One of conventional wisdom’s biggest falsehoods is that Dylan could never sing—I direct the jury to the New Morning and Street Legal albums in an effort to refute this claim. The only thing is, conventional wisdom is now correct: Dylan’s voice has become monotonous and nearly tuneless, and is the biggest reason why I personally can find no use for his last two, near-universally acclaimed “comeback” albums. In concert, this can be overlooked, especially during the songs that don’t suffer from his declamatory cadence. Like many of Dylan’s newer tunes, Love and Theft’s “Summer Days” uses the blues trope of repeating the first line of each verse, making a song of eight-plus verses almost insufferable, especially when it is simply Dylan bellowing braggadocious shit to a woman half his age. Yet classics like “Masters of War” and “The Lonesome Death of Hattie Carroll” have only gained power and relevance over the long stumble of years since they were written, Dylan’s death rattle taking on the befitting tone of the accusatory prophet.

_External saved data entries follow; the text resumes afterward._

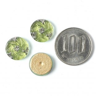 こちらは北チェコのガラスボタン工房で作られている手打ちのガラス・カボションです。こちらのカボションは直径が約1.3cmあります。一つ一つ打ち出しや彩色も職人さんの手作業で行われています。裏から金属塗料が施され、お色は奥行きのある黄緑色です。花ぐるまのデザインで、銀彩も施されています。爽やかな雰囲気のガラスカボションです。こちらは2個売りですのでご留意ください。ガラスボタンと同じデザインですが、裏には糸通しのリングがないため、アクセ・パーツとして使用される方には大変便利です。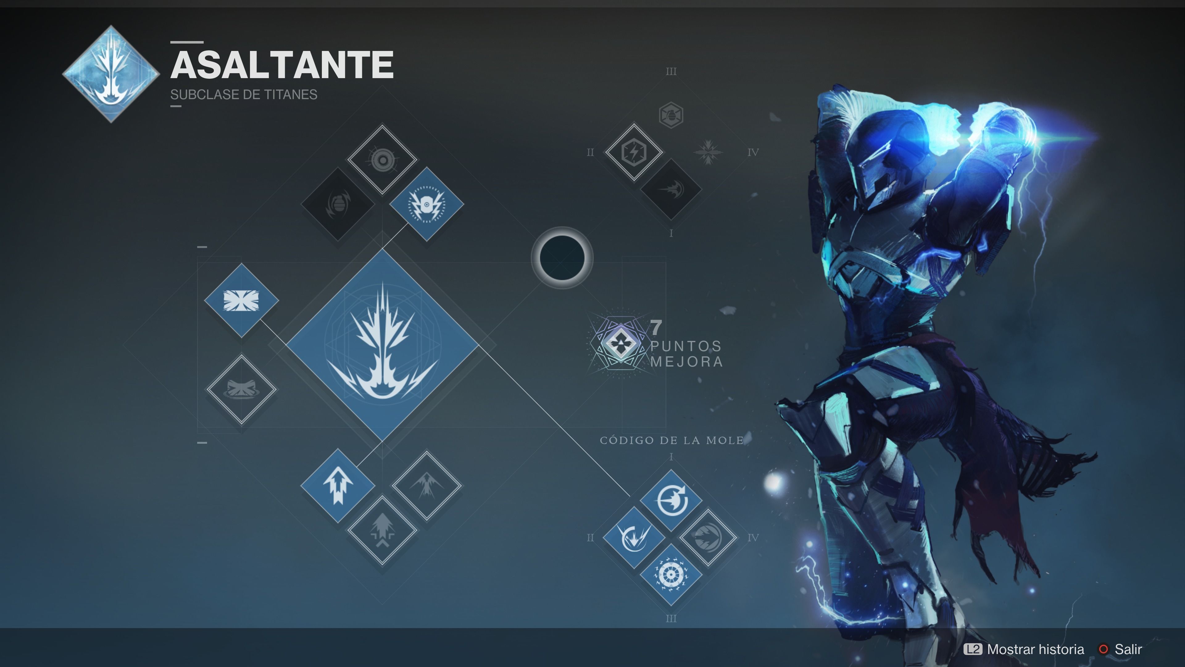 Código de la mole: un golpe cuerpo a cuerpo que se ejecuta con R1/RB, solo podemos llevar equipada a la vez una de las dos sendas, aunque sí podemos tener activas las cuatro mejoras de cada senda, que son las siguientes: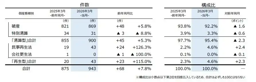 | 態様別にみると、『清算型』倒産は900件(前年同月855件、5.3%増)となり4カ月連続で前年を上回った。『再生型』倒産は43件(同20件、115.0%増)発生し、3月としては2012年(54件)以来14年ぶりに40件を超えた。 | |||||||||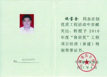 施寶金 時間:2012-04-10 7608 施寶金,高級工程師,現任深圳公司七處二工區常務副主任、項目經理。1996年到深圳參加工作,參與過國際商會中心、榮超經貿中心、江勝大廈、綠景紀元大廈等重點項目施工,獲“深圳市建筑業企業優秀項目經理”稱號,被授予“創魯班獎工程項目經理特別榮譽證書”。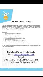 Kirim lamaran lengkap/CV ke : Alamat email ini dilindungi dari robot spam. Anda memerlukan Javascript yang aktif untuk melihatnya. dengan subjek ORBITSTAR_FULTIME/PARTIME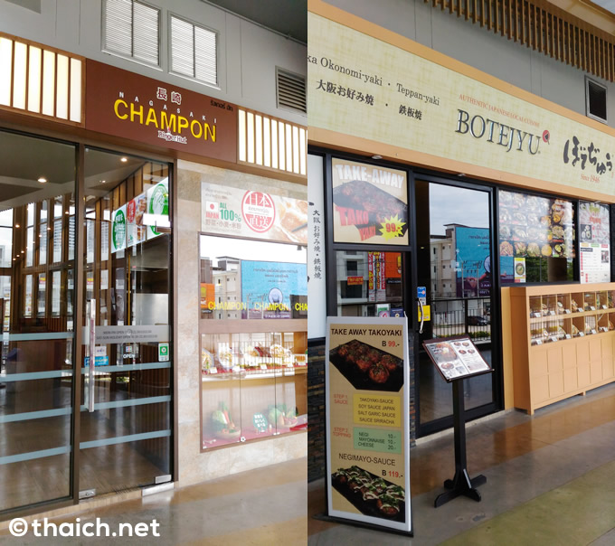 長崎ちゃんぽんの「リンガーハット」。店舗の名前より”CHAMPON(チャンポン)”が目立ちます。そしてお好み焼き・鉄板焼きの「ぼてぢゅう」。

Ironically, as one who hardly ever listens to latter-day Dylan on record, the song that I found most effective this night was “Workingman’s Blues #2,” from last year’s Modern Times. It seemed to sum up Dylan’s current philosophy the best: “You can hang back/Or fight your best on the front line/Sing a little bit of these workingman’s blues.” The so-called Never Ending Tour seems to be a way for Dylan to make sure he’ll die with his boots on.